One of the prompts for Friday Reflection this week is to write about someone who is a hero to me and why. I see a hero as someone who is very inspiring to me, whom I look up to. I discussed this with the institution pastor last year, when they did a summer series at church on inspiring people. He chose Mahatma Ghandi.
I see many people as inspiring. The most well-known person I mentioned to the pastor – but he’d never heard of her -, was Helen Keller. You’ve probably heard about her “miraculously” learning to use tactile sign language through the work of Anne Sullivan. Keller is also relatively well-known for having graduated college while being deafblind and a woman, both of which put her at a disadvantage in the patriarchal society of her time. However, you probably didn’t know that Helen Keller was a political activist, taking an important position in women’s suffrage and socialism. She was also one of the founders of the American Civil Liberties Union.

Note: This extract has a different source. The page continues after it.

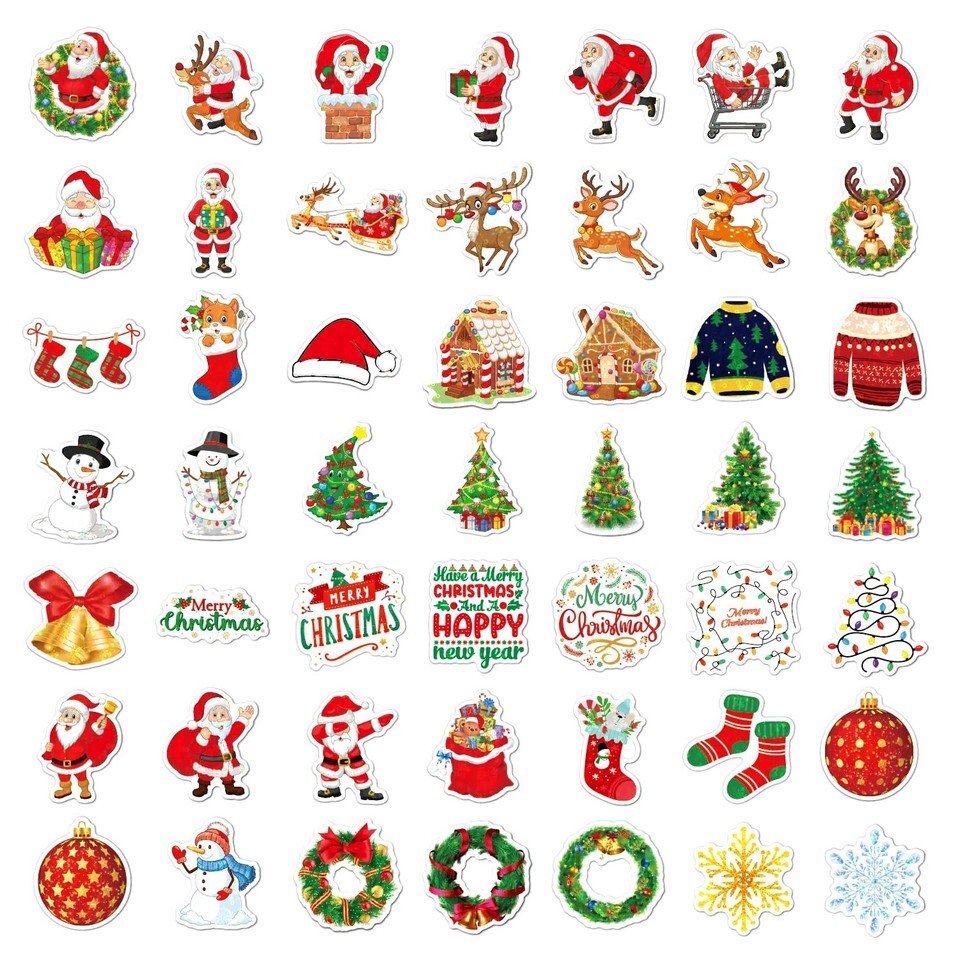 100PCS Christmas Children's Cartoon Santa Claus Tree Waterproof Stickers
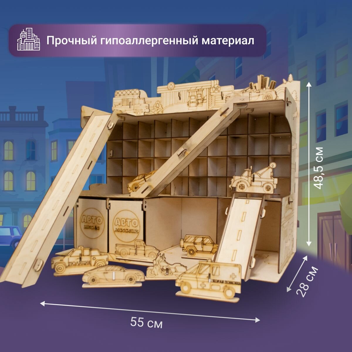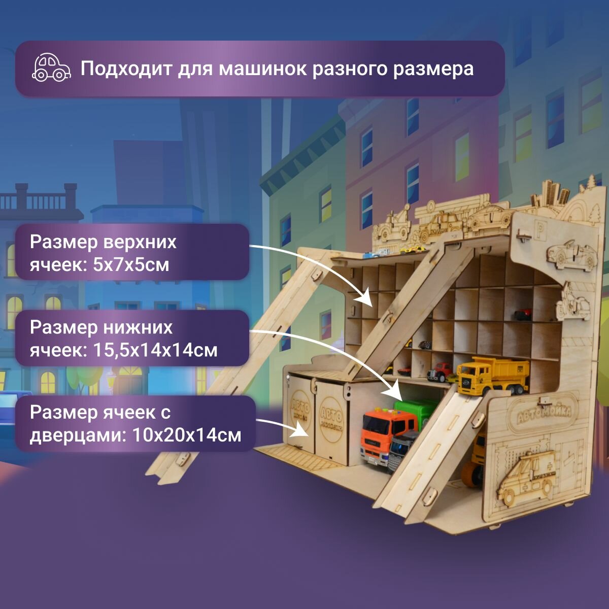 Деревянная парковка Гараж для машинок XXL полка для игрушек подарок на день рождение ребенку информация:

However, you don’t have to have overcome your disadvantages in some kind of miraculous way to be inspiring. In fact, most people only see Keller as having “overcome” her deafblindness and overlook her activism.
There are other disabled people I consider heroes. They however don’t do anything that makes them well-known and many have not “overcome” their disabiities at all. For example, I mentioned Cal Montgomery, author of Critic of the Dawn to my pastor. I don’t know her personally and she isn’t a public figure, so I cannot be sure that how I see her is correct. I do not know more about her than what I see through her writing. However, I can tell that she has determination. I do not admire her for having somehow proven her capacity to get out of an institution by denying her disabilities, which she may’ve had to do. Rather, I admire her for writing about human and civil rights for people judged to be too severely disabled to have these rights.
There are undoubtedly many other disability rights heroes in the world. Some are well-known in their particular disability communities. Others are not. What they have in common is not the “miracle” of their “overcoming” their disabilities, which Keller is publicly known for. Rather, they live their lives not just in spite of but also with their disabilities.
Living your life, in this sense, is a political statement. This applies particularly in the disability community, but it generally applies to everyone. People don’t need to be the first or the best or the greatest to be heroes. Everyone can be a hero in some ways.